◆ TASK ITEM:
Word for word, repeat the data that follows. Do not include the pictures.

◆ GIVEN DATA:
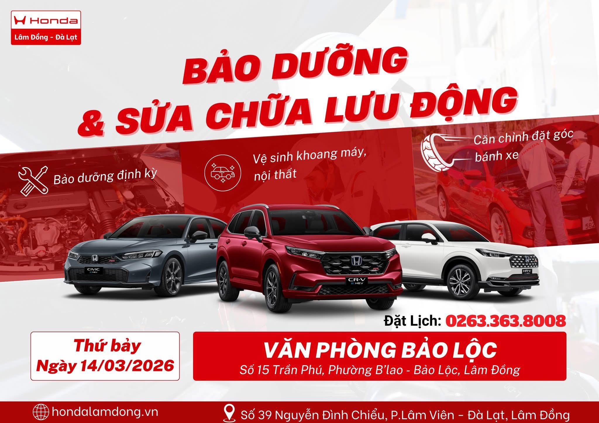 Bảo Dưỡng & Sửa Chữa Lưu Động Honda Tại Bảo Lộc – Dịch Vụ Chính Hãng Ngày 14/03/2026.
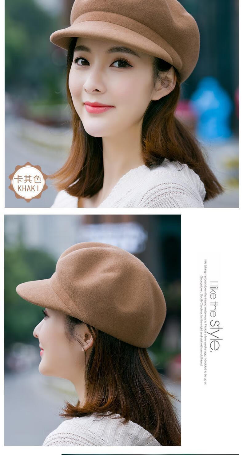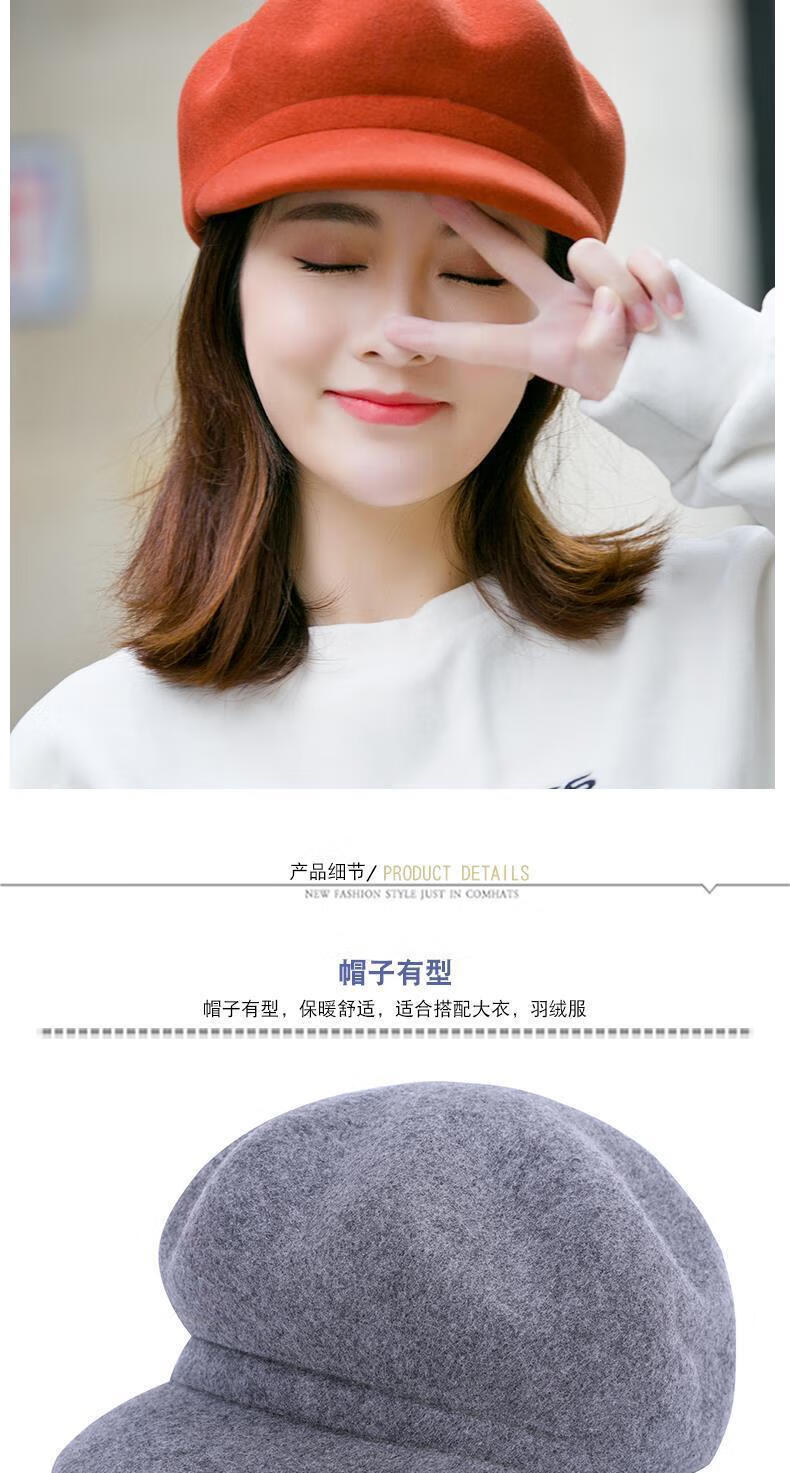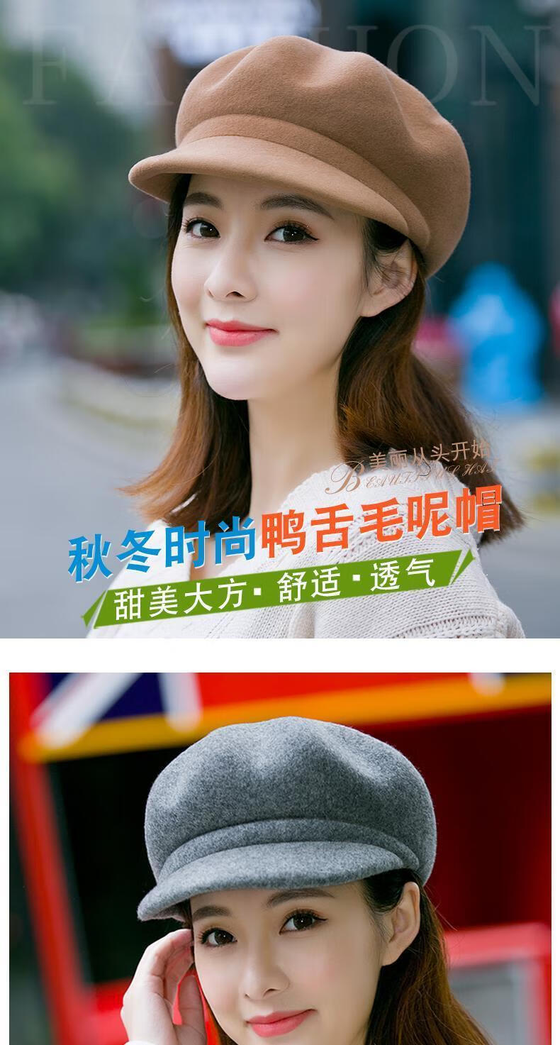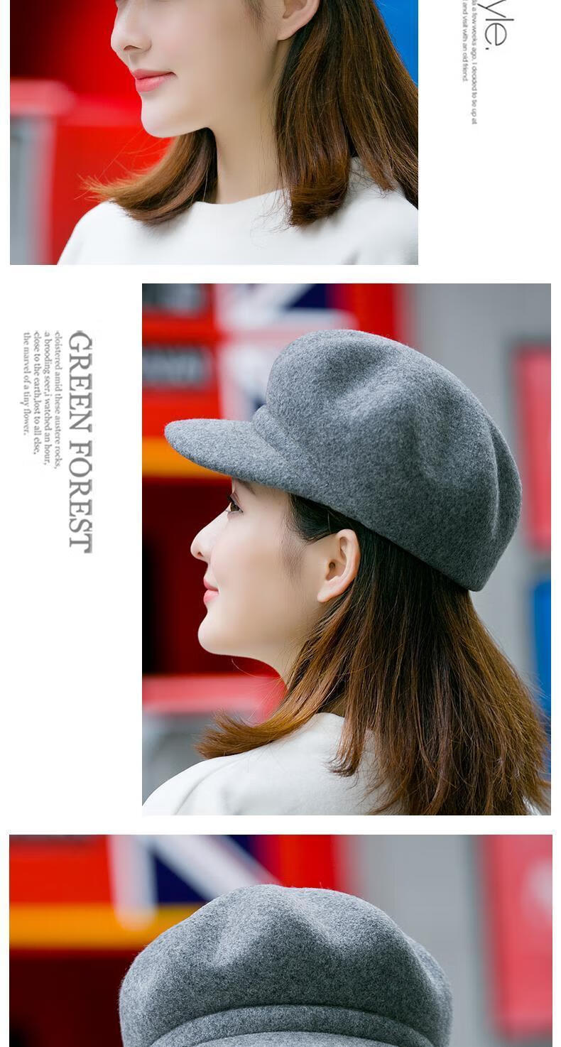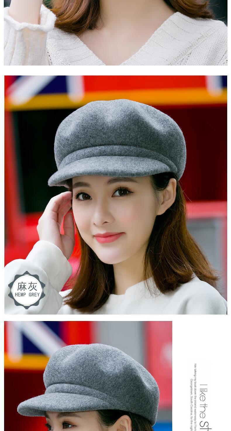 Xishengduo hat women's autumn and winter high-end octagonal hat women's fashion internet celebrity hat winter woolen beret burgundy
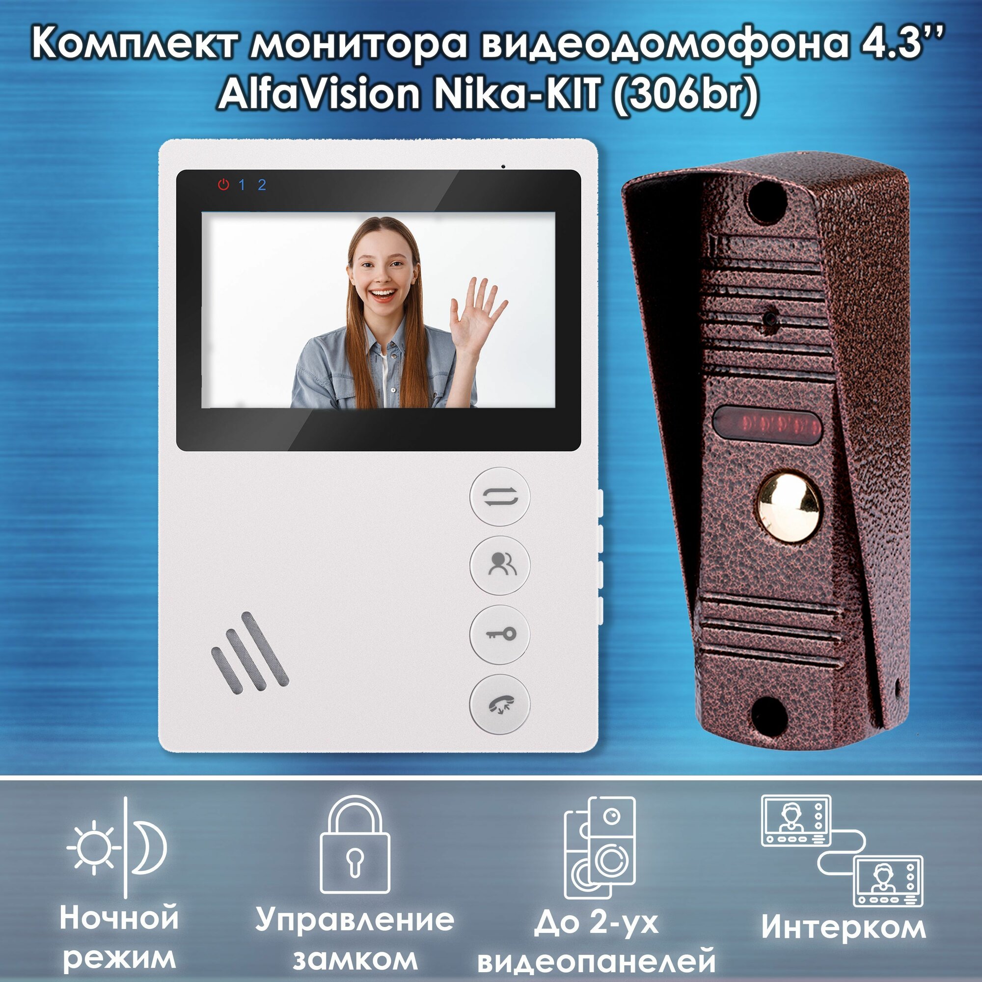 Комплект видеодомофона Nika-KIT 4.3 дюйма (306br), CVBS / в квартиру /в подъезд /для частного дома интересное:
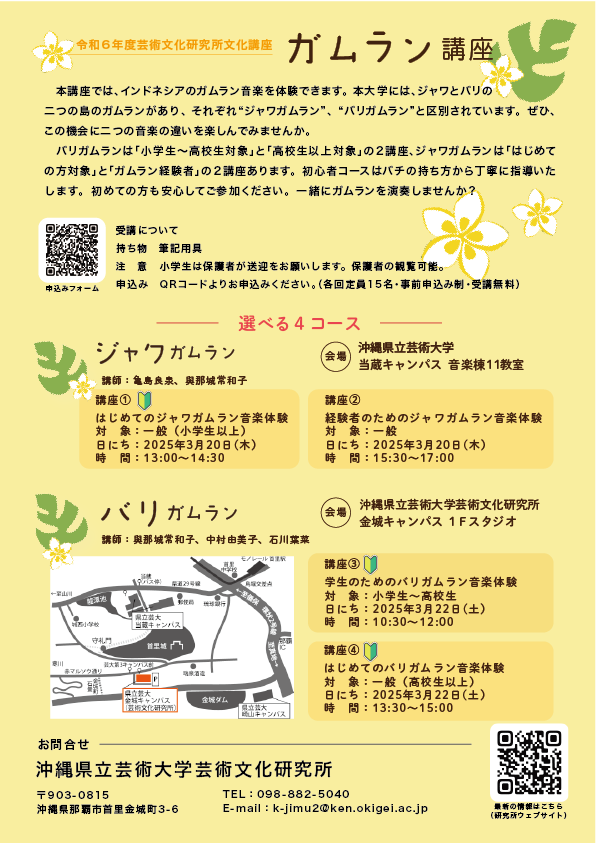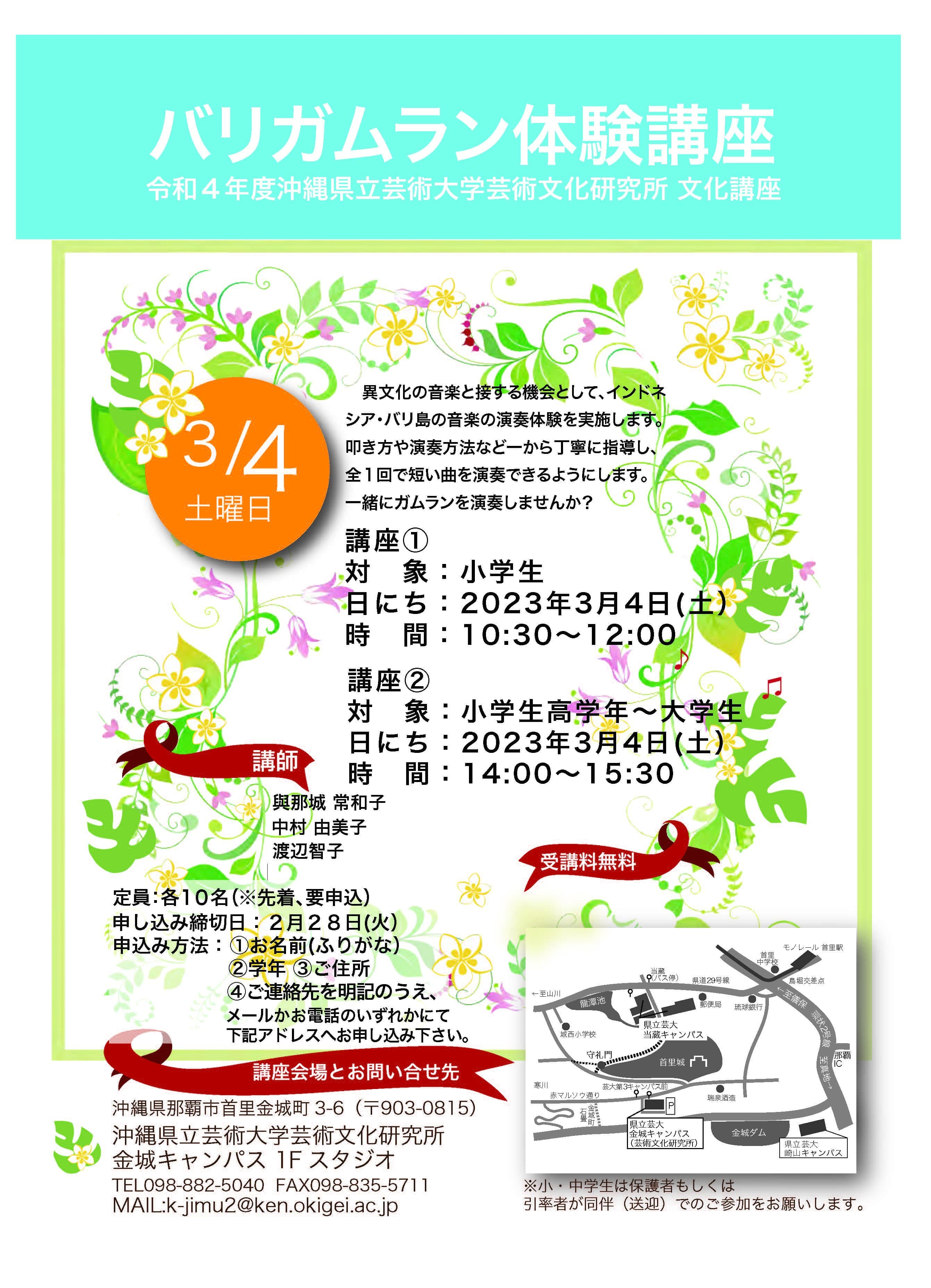 令和6年度沖縄県立芸術大学芸術文化研究所「ガムラン講座」(文化講座)を開催いたします。

◆ TASK ANSWER:
 Bảo Dưỡng & Sửa Chữa Lưu Động Honda Tại Bảo Lộc – Dịch Vụ Chính Hãng Ngày 14/03/2026.
 Xishengduo hat women's autumn and winter high-end octagonal hat women's fashion internet celebrity hat winter woolen beret burgundy
 Комплект видеодомофона Nika-KIT 4.3 дюйма (306br), CVBS / в квартиру /в подъезд /для частного дома интересное:
 令和6年度沖縄県立芸術大学芸術文化研究所「ガムラン講座」(文化講座)を開催いたします。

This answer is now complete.